Start of Records

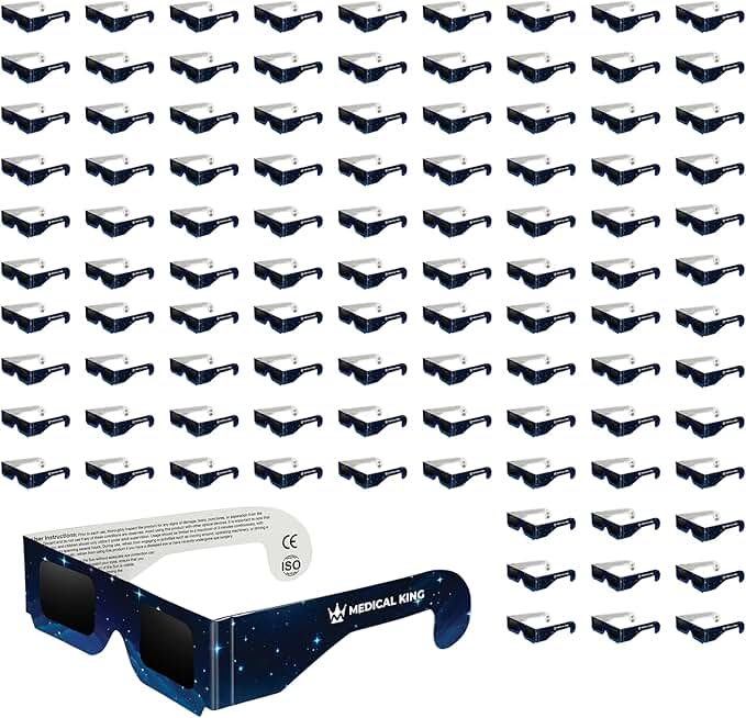 Medical king Solar Eclipse Glasses (1000 pack) 2024 CE and ISO Certified Safe Shades for Direct Sun Viewing approvd, Blue
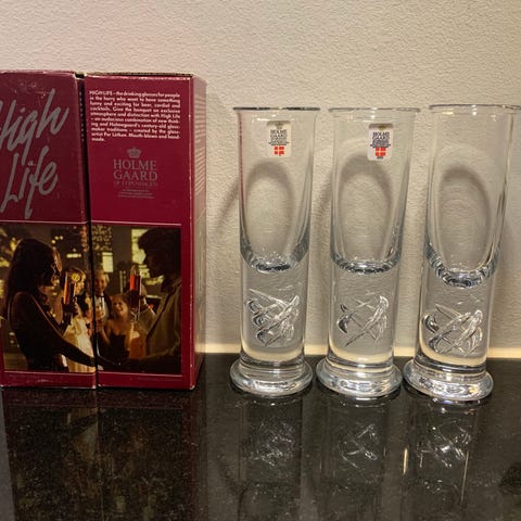 Glasset har en elegant skålform og en dekorativ fod. Det er lavet af klart glas med indgraverede stjerner.,Afhentes i:,Røde Kors Horsens (615),Bemærk at mail, chat og beskeder ikke besvares, og varen skal købes på knappen "Gå til varen"
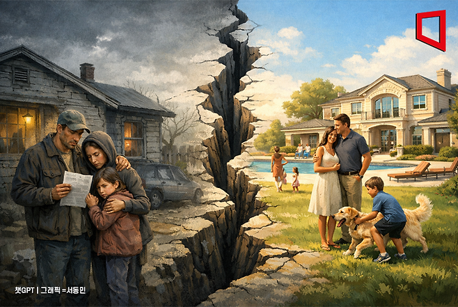저소득층 주택담보대출을 중심으로 연체율이 상승한 영향으로, 미국 내에서 경제 양극화가 심화하고 있음을 보여준다.
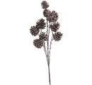 The pine cone branch "Patty" has a length of about 65 cm with cones in a size of about 4.5 cm. The plastic branch is lightly sprayed in the colour white.
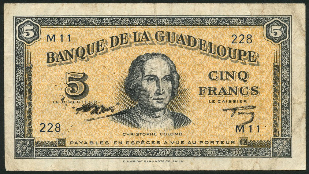 Banque de la Guadeloupe, 5 francs, ND (1945-1946), serial number M11-228, orange and black, Christopher Columbus at centre, Boudin and Gascon signatures

End of Records

All of the records need to be reproduced exactly, with each picture omitted.

 Medical king Solar Eclipse Glasses (1000 pack) 2024 CE and ISO Certified Safe Shades for Direct Sun Viewing approvd, Blue
 Glasset har en elegant skålform og en dekorativ fod. Det er lavet af klart glas med indgraverede stjerner.,Afhentes i:,Røde Kors Horsens (615),Bemærk at mail, chat og beskeder ikke besvares, og varen skal købes på knappen "Gå til varen"
저소득층 주택담보대출을 중심으로 연체율이 상승한 영향으로, 미국 내에서 경제 양극화가 심화하고 있음을 보여준다.
 The pine cone branch "Patty" has a length of about 65 cm with cones in a size of about 4.5 cm. The plastic branch is lightly sprayed in the colour white.
 Banque de la Guadeloupe, 5 francs, ND (1945-1946), serial number M11-228, orange and black, Christopher Columbus at centre, Boudin and Gascon signatures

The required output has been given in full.